THPE189 - Poster Exhibition
The intention to use Pre-Exposure Prophylaxis (PrEP) to prevent HIV-infection among men having sex with men (MSM) in Amsterdam, the Netherlands
J. Bil, U. Davidovich, W. van der Veldt, I. Stolte
Public Health Service of Amsterdam, Cluster Infectious Diseases, Research Department, Amsterdam, Netherlands
Background: Pre-Exposure Prophylaxis (PrEP) is a new biomedical intervention that can reduce the risk of HIV-infection in HIV-negative men who have sex with men (MSM) who engage in high-risk sexual behavior. Although PrEP is not yet available in the Netherlands, it is important to gain insight into the awareness and intention to use PrEP among MSM.

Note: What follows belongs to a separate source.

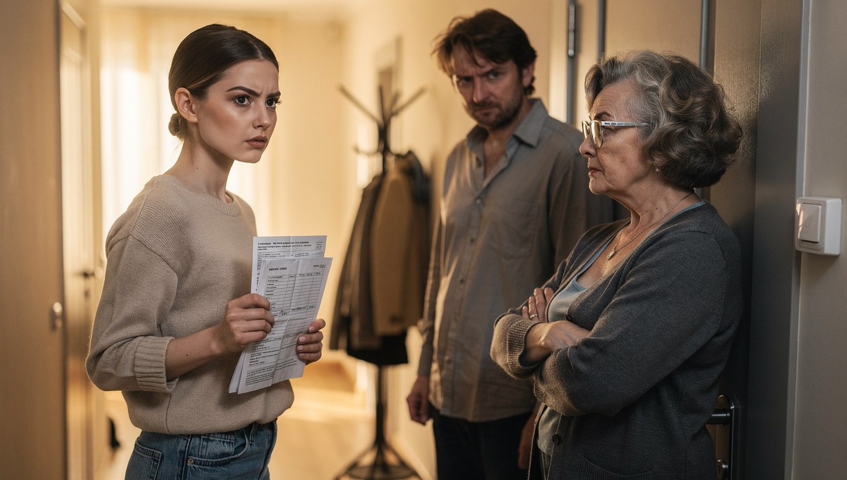 Она обошла свекровь и открыла входную дверь. Но не вышла. Вместо этого она повернулась и посмотрела на обоих — на мужа и его мать — долгим, тяжёлым взглядом.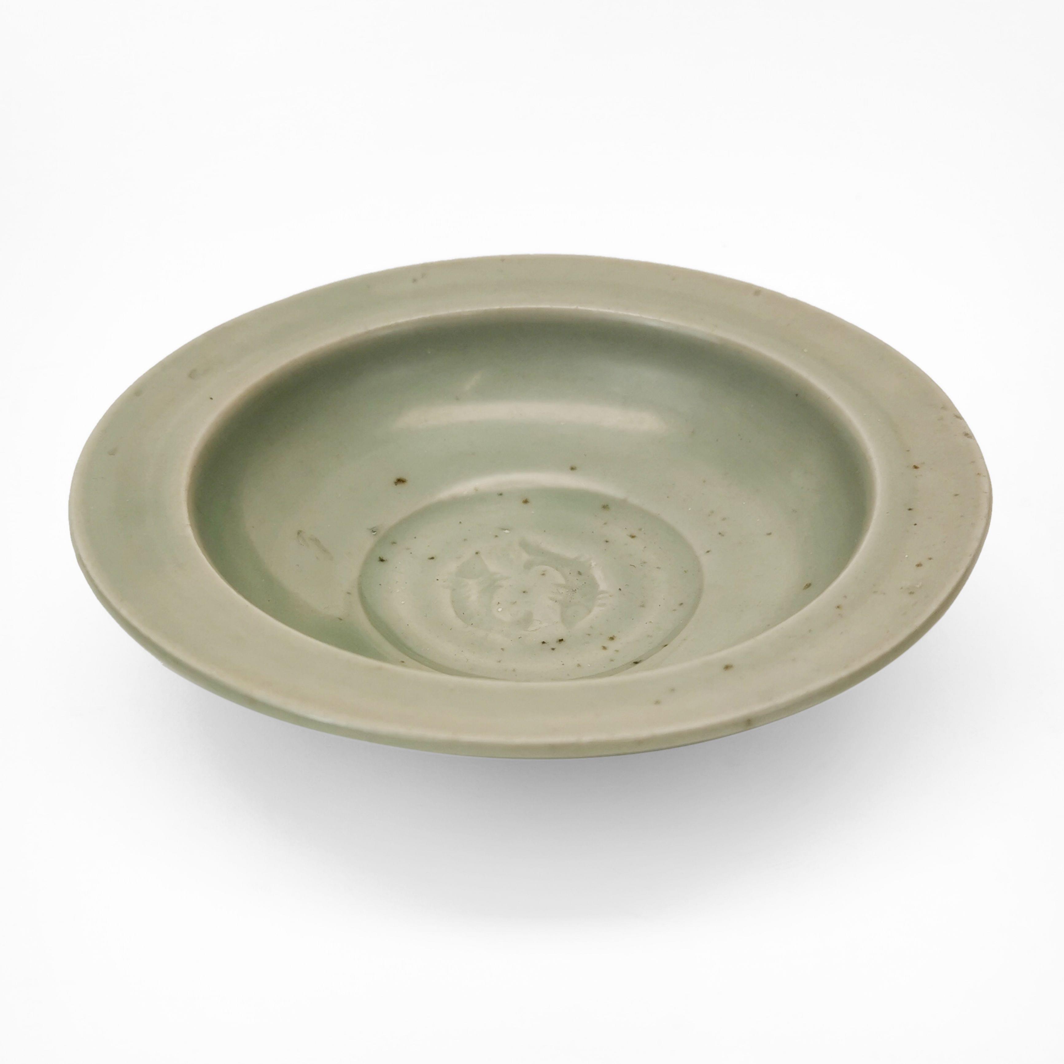 Céramique émaillée céladon à décor de deux poissons en léger relief, D 12,5 cm

Methods: HIV-negative MSM (n=450) participating in the Amsterdam Cohort Study completed a self-administered questionnaire concerning behavior and PrEP during their 6-monthly visit between June 2012-January 2013. Multinomial logistic regression was used to identify determinants of higher intention to use PrEP.

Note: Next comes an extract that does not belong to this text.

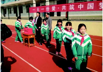 爱心活动 沂源县张家坡中心学校举行“一元一份爱,共筑中国梦”活动。旨在展现学生的爱心与善心,培养学生关爱他人的优良品质。 (王均升)

Results: About half (54%) of the MSM (n=243) were aware of PrEP. Of 448 MSM, 120 (27%) reported a low, 270 (60%) a medium and 58 (13%) a high intention to use PrEP when available. Knowledge about effectiveness and side effects of PrEP was limited. In multivariate analyses (table 1), high-risk MSM were more likely to have a higher intention (vs. low-risk MSM), as were MSM with high self-perceived efficacy to use PrEP and higher perceptions of relief due to PrEP (vs. low perceptions). MSM with high perceptions of shame about using PrEP or worries about side effects were less likely to use PrEP (vs. low perceptions). Among men with a high intention to use PrEP, the intention to use PrEP steeply decreased with increasing costs and about one third of all men would decrease there condom use while using PrEP.
[Table 1: Multinomial logistic regression analysis]

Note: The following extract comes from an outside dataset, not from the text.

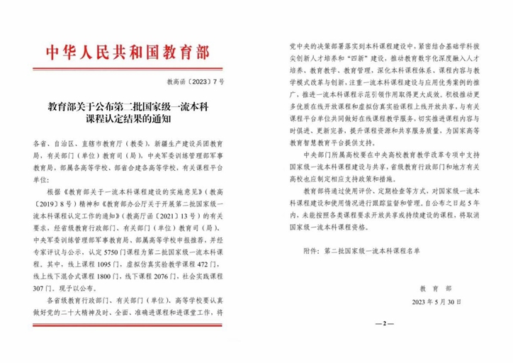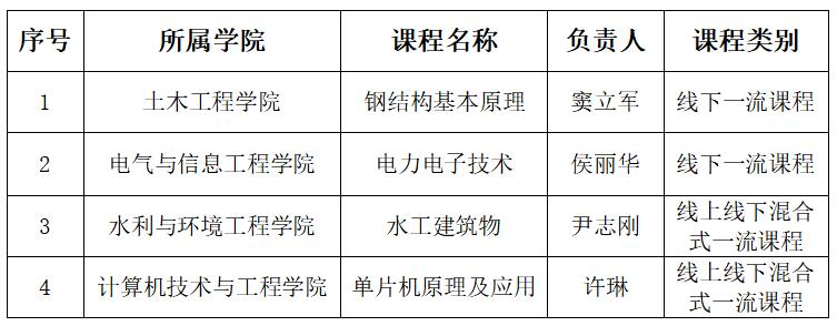 近日,教育部公布了第二批国家级一流本科课程认定结果,我校共有4门课程被认定为国家级一流本科课程,其中线下一流课程2门,分别为《钢结构基本原理》《电力电子技术》;线上线下混合式一流课程2门,分别为《水工建筑物》《单片机原理及应用》。本次获批国家级一流本科课程实现了乐鱼官网网页版_乐鱼(中国)官方一流课程建设的历史性突破,体现了乐鱼官网网页版_乐鱼(中国)官方在课程建设方面取得的新成效。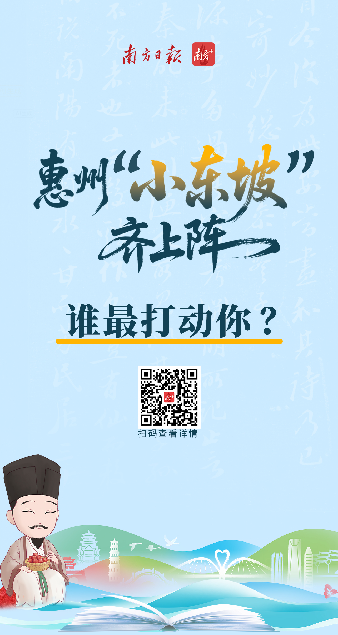 跟着前期作品集结及初选责任甘休,即日起,赛事组委会将依托南边+平台逼近展播入围的优秀作品,同期增设东坡系列节目“集结东说念主气奖”,哪个作品最打动您?快来为您心爱的“小东坡”来助力吧!

| || || ||Medium intention^ aOR (95% CI)||High intention ^ aOR(95% CI)||Overall p-value*|
|High-risk MSM (vs. Low-risk MSM)||1.75||(1.05-2.91)||3.60||(1.56-8.28)||0.008|
|High perceived self-efficacy to use PrEP (vs. Low perceived self-efficacy)||1.24||(0.64-2.43)||6.08||(2.50-14.8)||<0.001|
|High perception of worry about side-effects of PrEP (vs. Low perceptions)||0.30||(0.12-0.74)||0.18||(0.06-0.54)||0.008|
|High perceptions of shame about using PrEP (vs. Low perceptions)||0.35||(0.20-0.63)||0.22||(0.07-0.71)||<0.001|
|High perceptions of relief due to PrEP (vs. Low perceptions)||3.05||(1.33-6.98)||14.26||(5.28-38.5)||<0.001|
|^ Ref. low intention to use PrEP / * Overall p-value adjusted analyses / Note: adjusted for type of steady partner and awareness of PrEP # High-risk MSM defined as having >5 casual partners, receptive unprotected anal intercourse with a casual partner or being diagnosed with gonorrhea, all in the previous 6 months|
Conclusions: Among MSM the intention to use PrEP was relatively low, but higher among high-risk MSM. When PrEP would become available in the Netherlands, interventions should focus on increasing knowledge and removing barriers for using PrEP. Also, PrEP prescription should be addressing continuation of condoms use.